How to become a lawyer in the USA. The systems of higher legal education in the US and Russia could not be more different

The systems of higher legal education in the US and Russia could not be more different.

Getting In:

In order to get into a US law school, an applicant must first obtain a bachelor’s degree from a university or college (takes about 4 years on average to complete). Then, the applicant has to take a Law School Admission Test (“LSAT”). It is a four-hour written exam that combines testing on reading comprehension, logic, and reasoning– the skills believed to be necessary for a successful lawyer. The LSAT score will determine in which law school you could possibly be accepted. For example, the Ivy League schools( the most prestigious ) like Harvard, Yale, and Princeton will look at your application only if you scored at the 95-100 percentiles on the LSAT, i.e., if there were 100 questions, you could only get 5 wrong. Less prestigious schools require at least 70 percentile, and the third-tiered schools will accept you if you got at least half of the questions correctly.

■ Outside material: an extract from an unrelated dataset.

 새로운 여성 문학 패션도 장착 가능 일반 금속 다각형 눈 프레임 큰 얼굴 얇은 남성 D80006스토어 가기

Once an applicant has the LSAT score, he or she will start assembling other application materials. They usually include a personal statement and a few additional essays, recommendation letters, and transcripts from college. The applicants can send the materials to as many law schools as they wish. They will be notified of the admission commission decision via email or by a letter.

First Year in Law School

Once accepted, the student begins his or her law school career by taking a set of predetermined mandatorycore classes, that include such courses as constitutional law, civil law and procedure, criminal law and procedure, contracts, and the whole year of legal writing where the students are taught how to properly write complaints, briefs, motions, contracts, legal correspondence and other legal documents. The students are also encouraged to participate in various student organizations and volunteer for a non-profit or a governmental organization.

Lectures: the first year courses are taught only as lectures. Each class meets 2, 3 or 4 times a week for about 2 hours. The students are expected to read, analyze and understand about between 20 and 50 pages of new material which will be discussed during the class. A professor teaches the class in a form of a discussion called the Socratic Method. The professor calls on someone with a question from the assigned material and the student is expected to be able to discuss intelligently the issue. Students could also ask specific questions but only if they have read the material and did not understand a certain part. Often, a professor would pose a question from the student to the entire class to see if anyone else can answer it.

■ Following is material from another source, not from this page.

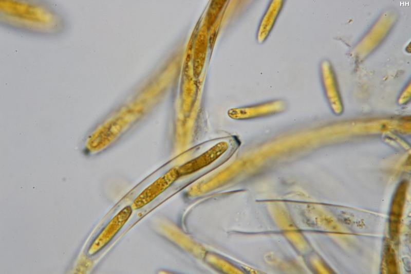 Paraphyses cylindrical, apically slightly clubbed, multiply septate, apical cell with strongly refractive grayish yellow VB; underlying cells also VB's, but only gray and with numerous large gas bubbles; Ø apically 3.3-3.6, below around 2 µm;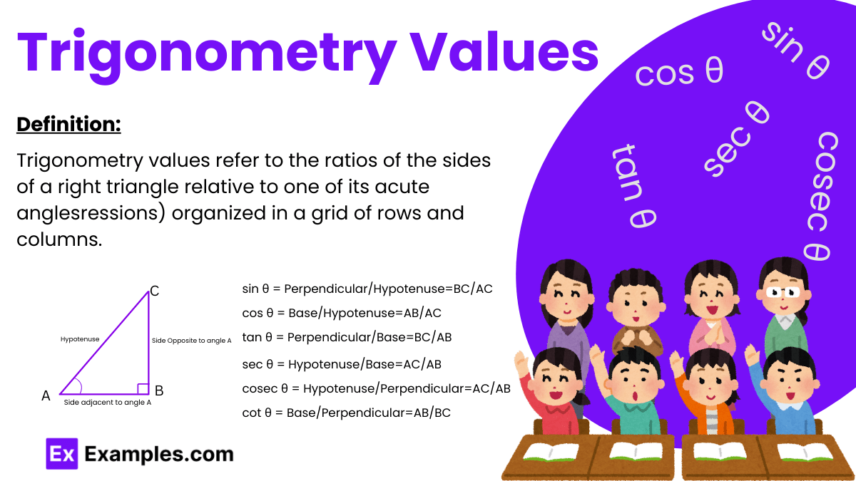 Trigonometry Chart Of Values - The word trigonometry comes from the latin derivative of. The right angle is shown by the. There are six functions commonly used in trigonometry: Trigonometry (named based on a greek word that loosely translates to measurement of triangles) is a branch of mathematics that studies the relationships between the sides and angles of triangles. Trigonometry helps us find angles and distances, is used a lot in science, engineering, video games, and more! The ratios used to study this relationship are called.

Exams: All exams are written. Normally, a professor gives two or three fact patterns and the students are expected to write essays in response in an “IRAC” format – Issue, Rule, Application, and Conclusion. It means that the students must be able to spot the issues raised by the hypothetical fact patterns, state the applicable rules of law, apply them to the given facts, and then state a conclusion. The issue spotting is the most important part that earns most of the points.

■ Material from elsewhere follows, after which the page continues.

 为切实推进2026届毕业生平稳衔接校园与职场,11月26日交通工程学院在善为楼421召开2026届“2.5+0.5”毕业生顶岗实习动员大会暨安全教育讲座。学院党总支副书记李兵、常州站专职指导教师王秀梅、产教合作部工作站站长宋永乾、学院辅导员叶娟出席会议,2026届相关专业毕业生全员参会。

Sometimes professors also test by creating a multiple choice exam where the possible answer choices are so confusing or so similar that you keep wondering which to pick. The multiple choice tests are equally as difficult as the essay-type exams.

Grading: All exams are graded unanimously. Professors than submit a preliminary grade that corresponds to a particular number assigned to the student by the registrar’s office. This office then matches the numbers to the students’ names. After the preliminary grades are assigned, the professors could change them (but don’t have to) by half a point up or down, for instance, from A- down to B+ or from C+ up to B-. The factors like poor attendance, or lack of participation, constant tardiness, or failure to complete an assignment could cause a drop in the grade. To the contrary, active participation during lectures and other accomplishments during the course could bring the grade up half a point. Other than that, the course grade normally depends entirely on the final exam result.